Flatulence trumps firearms at a recent “mock mass shooting” event in Texas.
Image via YouTube screen capture
Austin, Texas, was home to two very different types of protests this past Saturday. Shortly after gun rights advocates staged a “mass mock shooting” aimed at highlighting what they see as dangers posed by gun-free zones near the University of Texas campus, protesters waving sex toys and fart machines assembled nearby in an effort to counteract the scare tactics of the day’s earlier event.

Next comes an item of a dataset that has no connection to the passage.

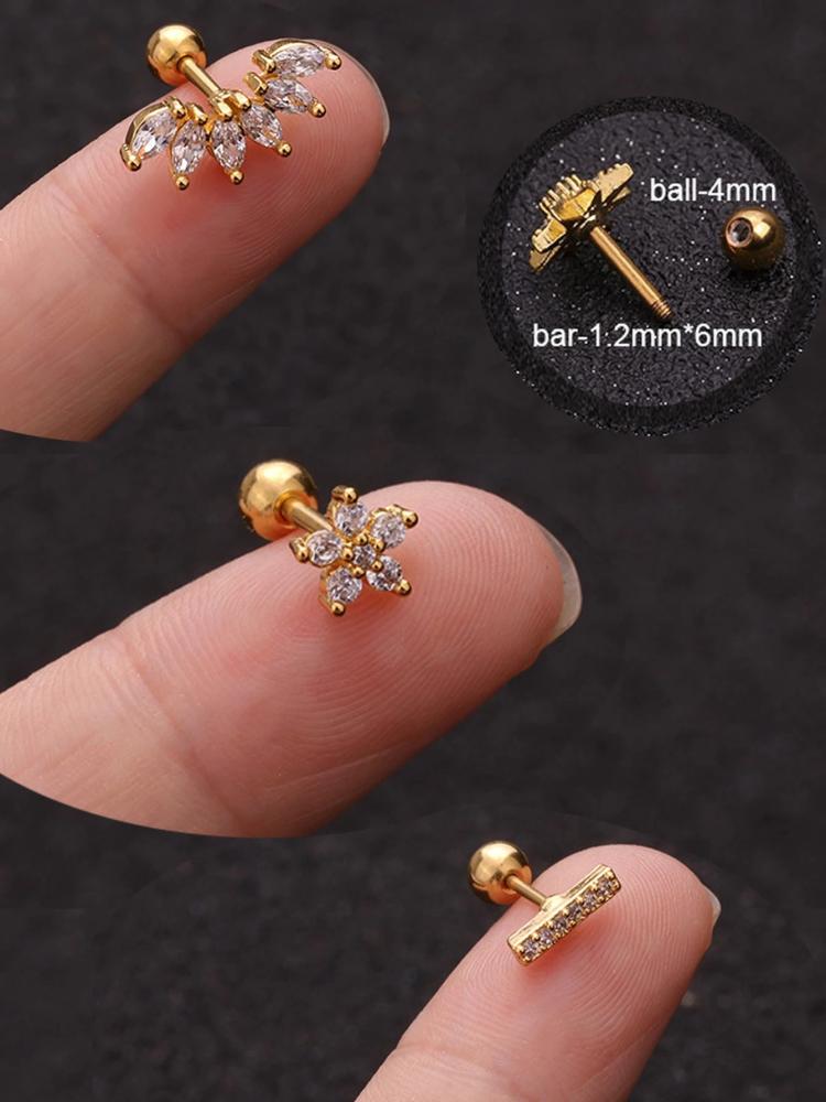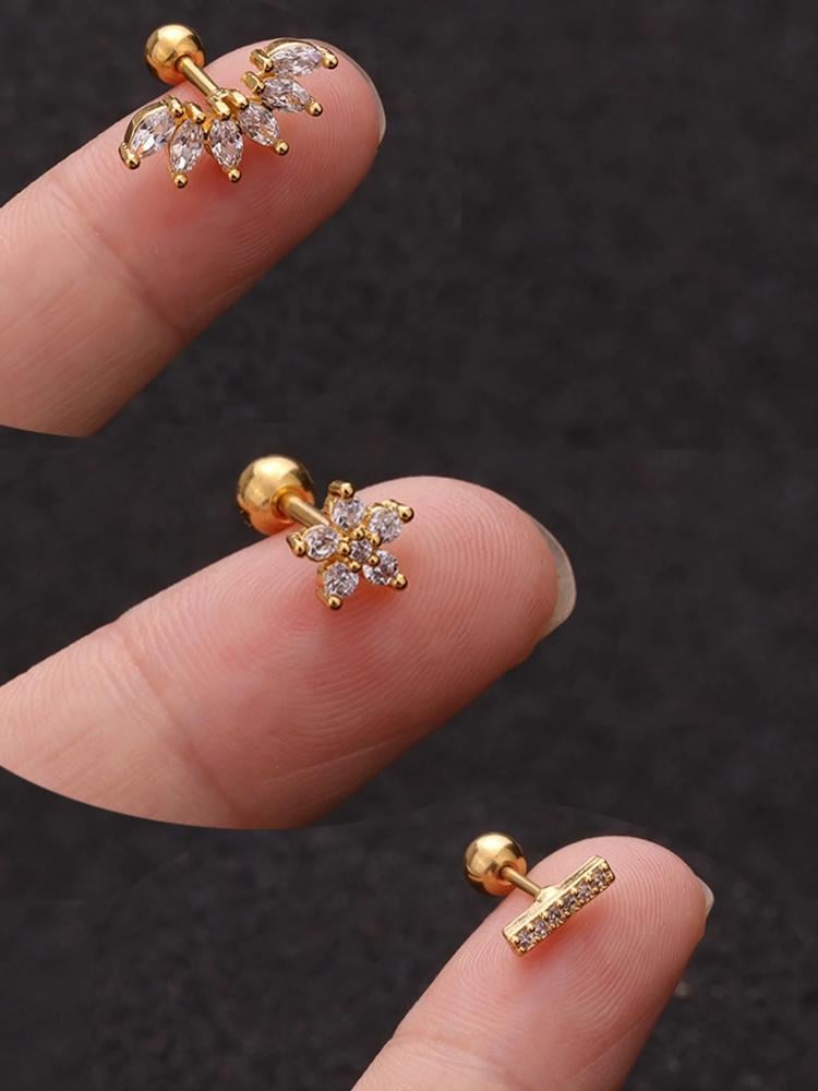 - اسم المنتج: 3 قطعات نساء اقراط مسماري لامع زركونيا

“This isn't about guns necessarily,” fart protest organizer Andrew Dobbs reportedly told the assembled flatulent masses. “This is about scaring our community. This is about a choice between fear and a little bit of good humor. We are in a scary time right now and lots of scary things are happening, and some people want us to be more afraid.”
It’s that “little bit of good humor” which led an estimated 100 protesters to chant things like “Texas...farts!” and (the Monty Python-inspired) “We fart in your general direction!” as they wove their way down Austin’s Guadalupe street, reports the Houston Chronicle. And while the cheeky march maybe have taken place too late in the day to actually disrupt the mass mock shooting, it was much better attended—only a dozen or so of the pro-gun advocates reportedly turned out for their event, which featured cardboard firearms and fake blood.
\nPolice & Media Arrive Too Late For Mock Mass ShootingPosted by Dan Olivaw on Saturday, December 12, 2015
At issue is a new Texas law which will soon allow for the open carry of handguns on parts of public college campuses. Firearms advocates—such as those behind Saturday’s mock mass shooting—worry that the law will be counteracted by universities declaring some spaces “gun-free zones.”
This is not the first time dildos have been used to highlight gun control advocates’ frustrations with the new Texas law. Earlier this fall, UT Austin student Jessica Lin began organizing “Campus (DILDO) Carry” in which opponents of the open-carry legislation would brandish sex toys—items which can result in a campus citation—in protest against the impending influx of soon-to-be legal guns. Dildos are “just about as effective at protecting us from sociopathic shooters,” wrote Lin at the time, “but much safer for recreational play.”
It’s that same silly-belying-serious concern that Dobbs echoed during his fart-centric protest. “I choose to believe that fear is not the solution to the threat of our time. That laughing in the face of fear is a courageous act and toting a gun around everywhere you go, maybe not so much,” the Houston Chronicle quotes him as saying. “When you come to my community, to the university that I love, and you threaten the lives of my friends, what I have to say is, I'm going to fart in your face!”